© Reuters. American Airlines passenger planes crowd a runway where they are parked due to flight reductions to slow the spread of coronavirus disease (COVID-19), at Tulsa International Airport in Tulsa, Oklahoma, U.S. March 23, 2020. REUTERS/Nick Oxford/Files
By David Shepardson
(Reuters) – Labor unions and some U.S. lawmakers are pressing airlines not to resume stock buybacks after a COVID assistance prohibition expires this week.
Representative Peter DeFazio, a Democrat who chairs the House Transportation and Infrastructure Committee, is holding a hearing on Thursday on investing in transportation workers that will discuss the issue.
DeFazio is circulating a letter to colleagues seen by Reuters that urges airlines to “refrain from initiating stock buybacks … at least until air carriers are able to publish and fulfill schedules that meet demand; staff flights and key personnel positions appropriately; and return service to every community.”
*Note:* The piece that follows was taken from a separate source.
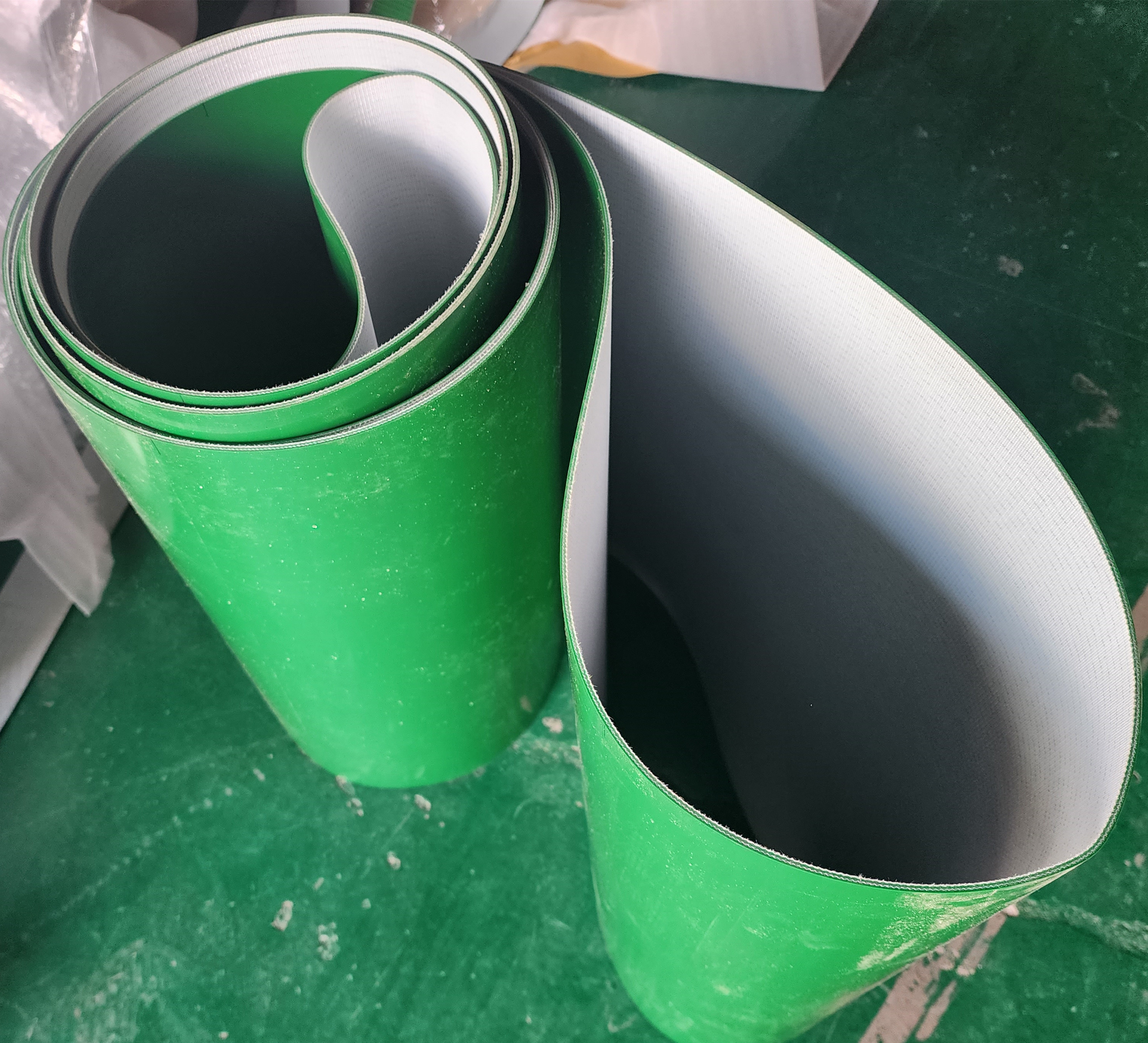 | ハイライト | 3つの層ポリ塩化ビニールpuのコンベヤー ベルト,平らなパターン ポリ塩化ビニールpuのコンベヤー ベルト,3つは緑ポリ塩化ビニールのコンベヤー ベルトに執ように勧める |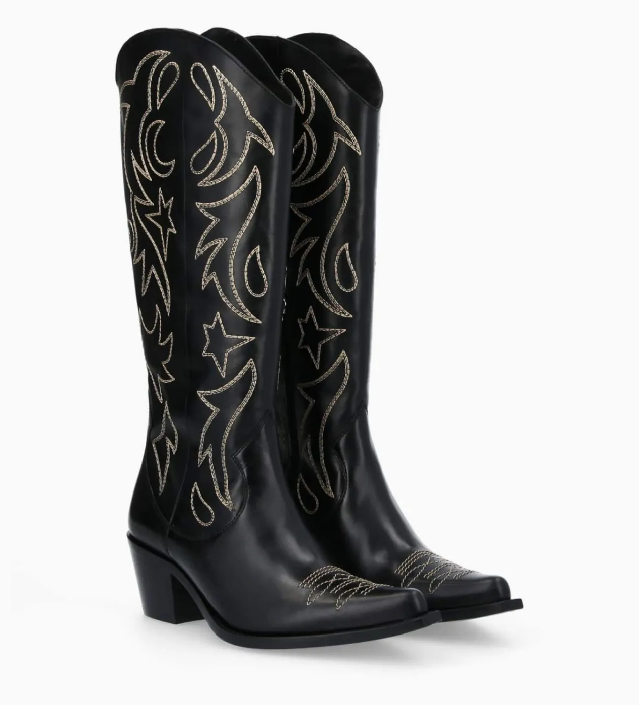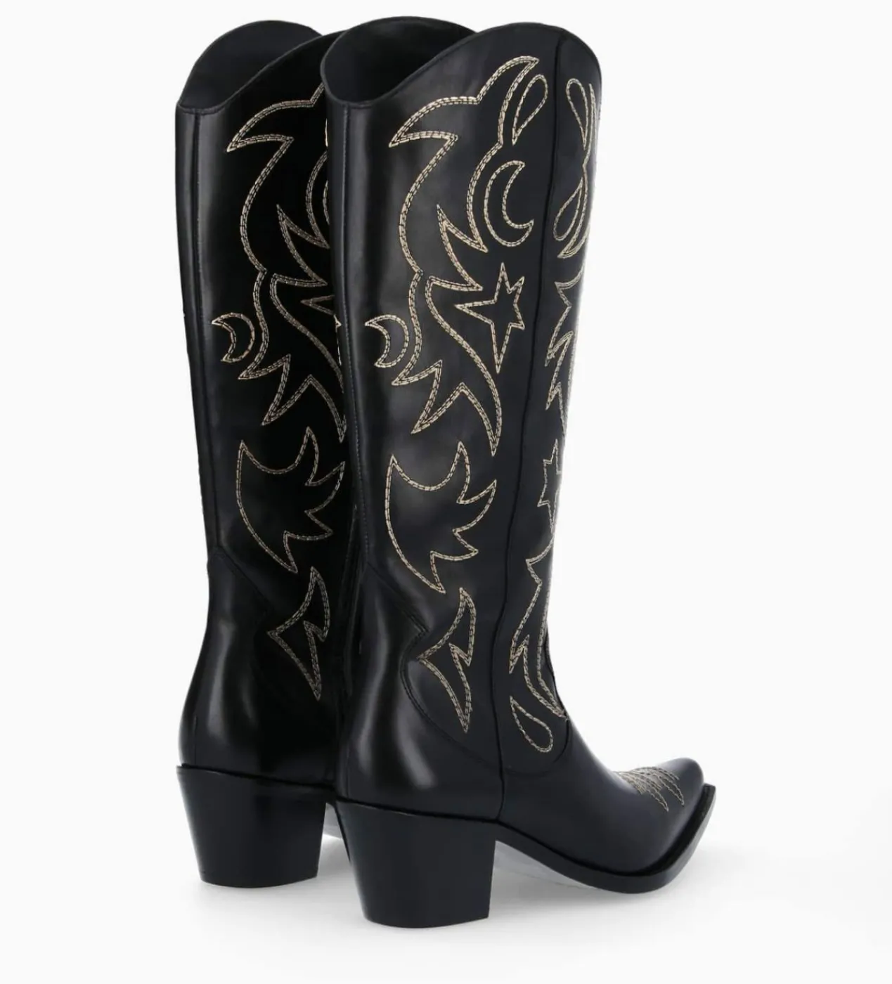 Cette nouvelle Ruby conjugue ses origines western à des lignes urbaines et contemporaines. Une botte en cuir brillant noir aux lignes assumées : bout franchement pointu, trépointe débordante graphique et talon biseauté à souhait pour amorcer la saison de plain-pied. Un jeu de surpiqûres brodées réalisées à la main dans nos ateliers français rythme l’allure. Avec leur talon à la cambrure parfaite elles offrent beaucoup de confort.

Aviation unions launched a campaign in August to pressure airlines against stock buybacks. It came as major carriers are negotiating new contracts with their pilots, who are asking for higher pay and improvements in schedules.
Sara Nelson, president of the Association of Flight Attendants, is among those will testify at Thursday’s House hearing.
“While airlines are just now starting to make a profit, the recovery is not complete and the austerity of twenty years prior has not been corrected for airline jobs,” according to Nelson’s written testimony seen by Reuters. “We can’t allow CEOs to send one dollar to Wall Street before fixing operational issues and concluding contract negotiations.”
Airlines for America, a trade group, said airlines are in full compliance with the payroll assistance program.
The group noted U.S. airlines have been “aggressively hiring across the industry … to accommodate the rapid return of demand for air travel” and are “making significant investments in new aircraft.”
Congress approved $54 billion in three rounds covering much of U.S. airline payroll costs for 18 months through September 2021. Earlier this month, the chairs of two other congressional committees sought a federal probe into whether airlines used payroll funds to fund pilot buyouts and early retirements.
American Airlines (NASDAQ:) received $12.6 billion, Delta Air Lines (NYSE:) $11.9 billion, United Airlines $10.9 billion and Southwest Airlines (NYSE:) $7.2 billion.
Out of $54 billion, airlines must repay $14 billion, or 26.2% of the funding.